LIMESTONE COUNTY, Ala. — The State of Alabama is seeking a five-year prison term for former Limestone County District Judge Doug Patterson, who pleaded guilty last month to theft and ethics charges including stealing from a court-supervised juvenile fund.
The state’s filing memo asks Judge Steven Haddock to impose the sentence and harshly denounces Patterson’s conduct.
“The audacity and wickedness of Patterson’s crimes cannot be overstated: he stole from the disabled, he stole from the dead, and he stole from the children of Limestone County,” the filing argues. “In short, Patterson stole from those who couldn’t protect themselves. While every thief deserves condemnation, Patterson falls in a category all his own.”
Patterson’s sentencing hearing is set for Dec. 8.
Patterson, who was appointed to the judgeship in April 2016, was indicted in December 2019.
Last month he pleaded guilty to charges of using his office for personal gain, financial exploitation of the elderly in the first degree and third-degree theft of property. The first two charges are Class B felonies which carry a sentencing range of 2 to 20 years in prison. The third-degree theft charge is a Class D felony, which has a sentencing range of 1 to 5 years in prison.
Prosecutors from the Alabama Attorney General’s office are asking the court to sentence Patterson to five years in prison on the first two counts and two years on the third count. They are asking that the sentences run concurrently – at the same time – and that Patterson serve 10 years of probation upon release. Prosecutors are seeking what is known as a “split sentence” which starts with a base sentence of 15 years, with 5 years to serve in prison and 10 years on probation.
The case against Patterson took several turns. About a month after he was indicted, a confession letter, apparently from Patterson was released publicly. Patterson’s defense team also filed motions seeking information about the grand jurors who indicted him – which is highly unusual. The defense also alleged that Limestone County Circuit Judge Robert Baker – the county’s presiding judge — had influenced the grand jury and tried to intimidate Patterson into a guilty plea before his indictment.

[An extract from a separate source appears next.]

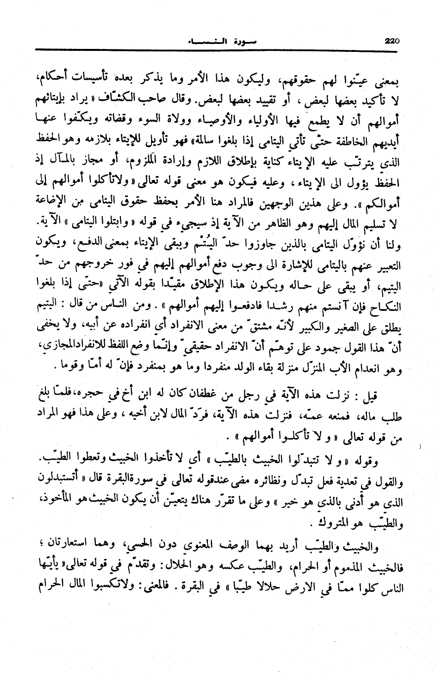 قِيلَ: نَزَلَتْ هَذِهِ الْآيَةُ فِي رَجُلٍ مِنْ غَطَفَانَ كَانَ لَهُ ابْنُ أَخٍ فِي حِجْرِهِ، فَلَمَّا بَلَغَ طَلَبَ مَالَهُ، فَمَنَعَهُ عَمُّهُ، فَنَزَلَتْ هَذِهِ الْآيَةُ، فَرَدَّ الْمَالَ لِابْنِ أَخِيهِ، وَعَلَى هَذَا فَهُوَ الْمُرَادُ مِنْ قَوْلِهِ تَعَالَى: وَلا تَأْكُلُوا أَمْوالَهُمْ.

The trial judge rejected those claims.
Patterson was placed on paid leave before he was indicted and he received his regular salary until his resignation from the bench in July, shortly before he was set to go on trial for ethics violations before Alabama Court of the Judiciary. The state’s sentencing memo said Patterson was paid $114,000 in salary while on leave.

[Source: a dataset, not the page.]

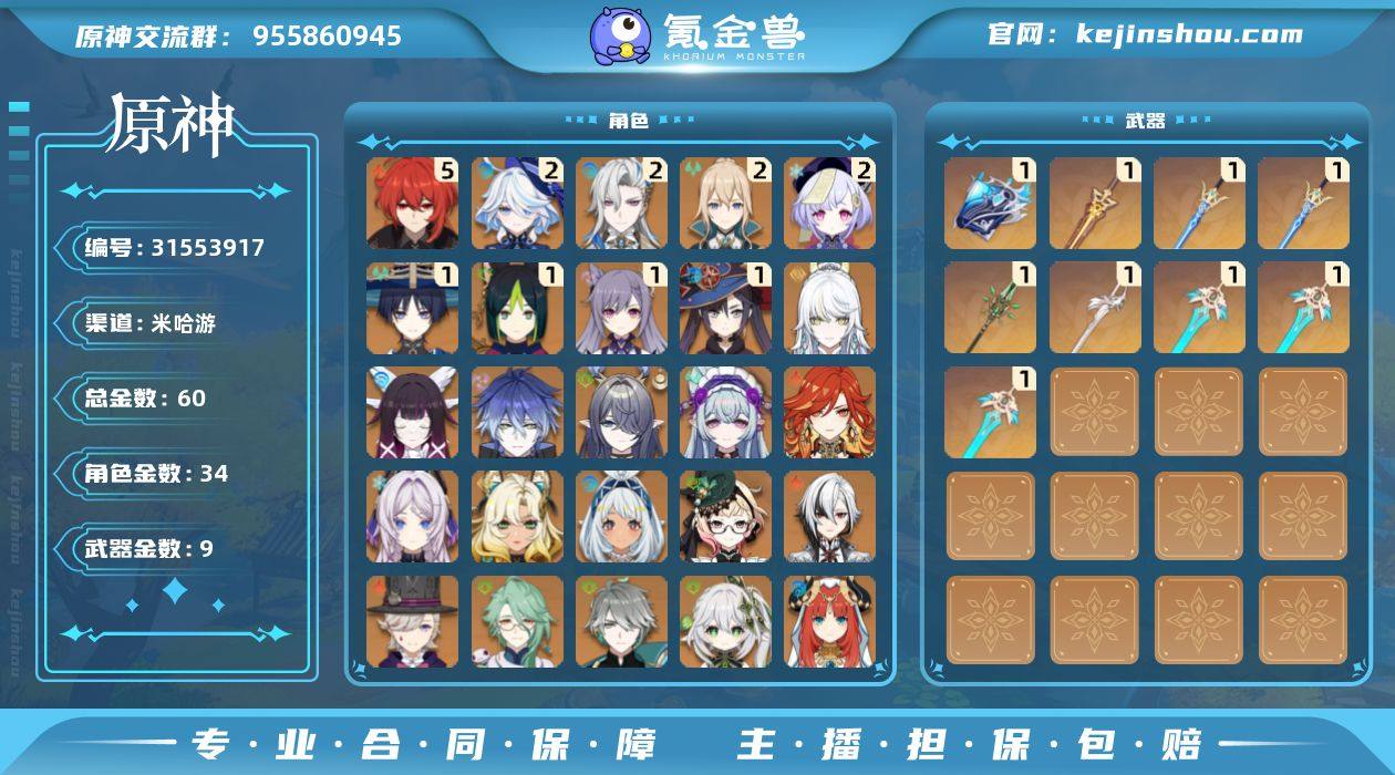 原神高练度成品号,角色多,五星全齐,图鉴进度高,账号深度练度,歌尘壶很漂亮,抽卡次数多(23000+原石)。 官服账号,送一般练度崩铁,一起出。 账号安全,喜欢直接拍,价格可聊~

The state’s argument doesn’t credit Patterson for his former position in the community, instead it uses that as part of its sharp attack on the defendant.

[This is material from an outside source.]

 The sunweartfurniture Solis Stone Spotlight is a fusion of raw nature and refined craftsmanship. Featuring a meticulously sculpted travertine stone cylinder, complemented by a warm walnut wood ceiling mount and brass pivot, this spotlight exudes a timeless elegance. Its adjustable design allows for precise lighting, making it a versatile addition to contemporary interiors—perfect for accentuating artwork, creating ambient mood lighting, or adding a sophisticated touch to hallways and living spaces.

“ … Any good character or reputation that Patterson established was built on years of lies and subterfuge,” the filing argues. “Patterson should not benefit now from how he was looked upon before his community learned how he truly behaved. This same logic carries over to Patterson’s employment history. That is, Patterson cannot credit himself with a positive employment history when he was only able to commit his crimes because of his employment as an attorney and a judge.”
The filing also contends that the sentence is justified because Patterson held public office while committing some of the crimes and before that, he was the lawyer for disabled and elderly clients and had a fiduciary duty to protect their interests.
“ … Patterson began stealing from the court system he ostensibly served nearly from the moment he took the bench and continued stealing right up until he was suspended,” the filing argues. Making matters worse, Patterson often exercised his judicial discretion to impose additional costs and fees in certain cases, thus allowing him to steal even more money.”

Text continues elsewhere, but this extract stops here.